I did not have the chance to use IBM's vector processor but it was
first described to me over lunch by Dr James Brown of IBM in 1988 I
believe on the occasion of a presentation of a new version of APL2.
(I might add that my IBM rep had simply introduced him as Jim Brown
and I had no idea of his role in APL2 until the presentation that
followed). He provided several illustrations of how APL2 was able to
take immediate advantage of the vector processor--which I envision as
a very special math coprocessor for the mainframe aimed at speeding
computation by performing calculations in parallel that had
previously been done seriatim due to Von Newman architecture. The APL
language, expressing everything in arrays that could be raveled to
vectors, could take immediate advantage of this.
He then mentioned an application that seemed to me to require an
Integer Linear Programming algorithm but did not mention having made
any special provision for this and when I questioned him on this
point he seemed confused and I realized that he was discussing an
application of one of his customers and early adopters of the IBM
Vector processor and was unfamiliar with what constraints their
actual application might require. Our lunch needed to be adjourned
because it was time for the presentation to begin. I was too
embarrassed, on learning who I had been debating with to pursue my
questioning after the proceedings.
In the text it states that no algorithm (i.e. in 1974) has shown
itself to consistently solve large integer programming problems.
In general linear programming models the results can assume any
values in the feasible region and are allowed to be continuous.
Altho for some problems such as transportation assignment or network
flow, integer solutions can be obtained automatically, the extreme
points of a general linear programming problem is not ordinarily
restricted to having only integer-valued components. Moreover one
cannot merely round the fractional values of an optimal solution and
expect it to produce the optimal value solution. In a mixed integer-
continuous variable problem only some of the variables are required
to be integers.
At the time (1974), there were three classes of algorithms (1)
cutting plane, (2) enumeration and (3) partitioning used as
additional constraints to ensure the solution or feasible region has
the desired integer properties.
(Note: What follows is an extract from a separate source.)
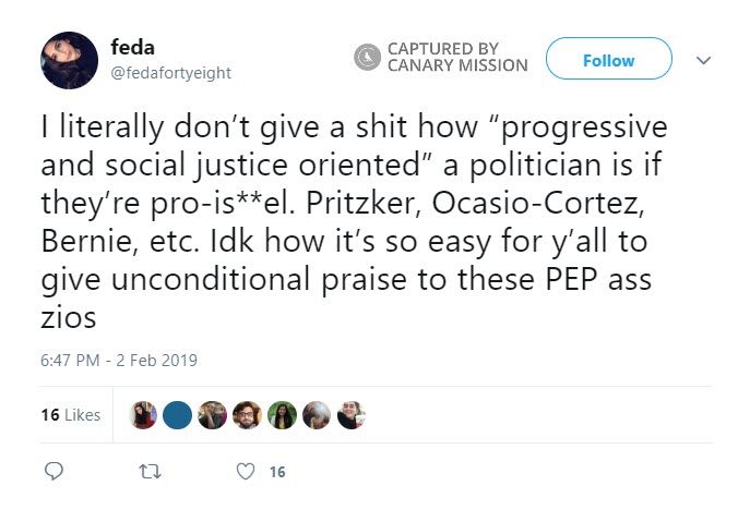 On February 2, 2019, Taha tweeted: “I literally don’t give a sh** how ‘progressive and social justice oriented’ a politician is if they’re pro-is**el. Pritzker, Ocasio-Cortez, Bernie, etc. Idk how it’s so easy for y’all to give unconditional praise to these PEP a** zios.”

I was thus interested in 1988 and
again interested today in 2006 if there has been progress.
This is the reason I want to clearly understand limits and
constraints of any algorithms underlying any primitives of J.
Donna
[EMAIL PROTECTED]
On 27-Jun-06, at 4:42 PM, John Randall wrote:
Donna L.Y. wrote:
This information is extremely relevant to an integer Linear
Programming model a point apparently lost on some early users of
IBM's vector processor.
Donna:
Could you explain this a little? I know something about mixed and
pure
integer linear programming, but nothing about IBM's vector processor.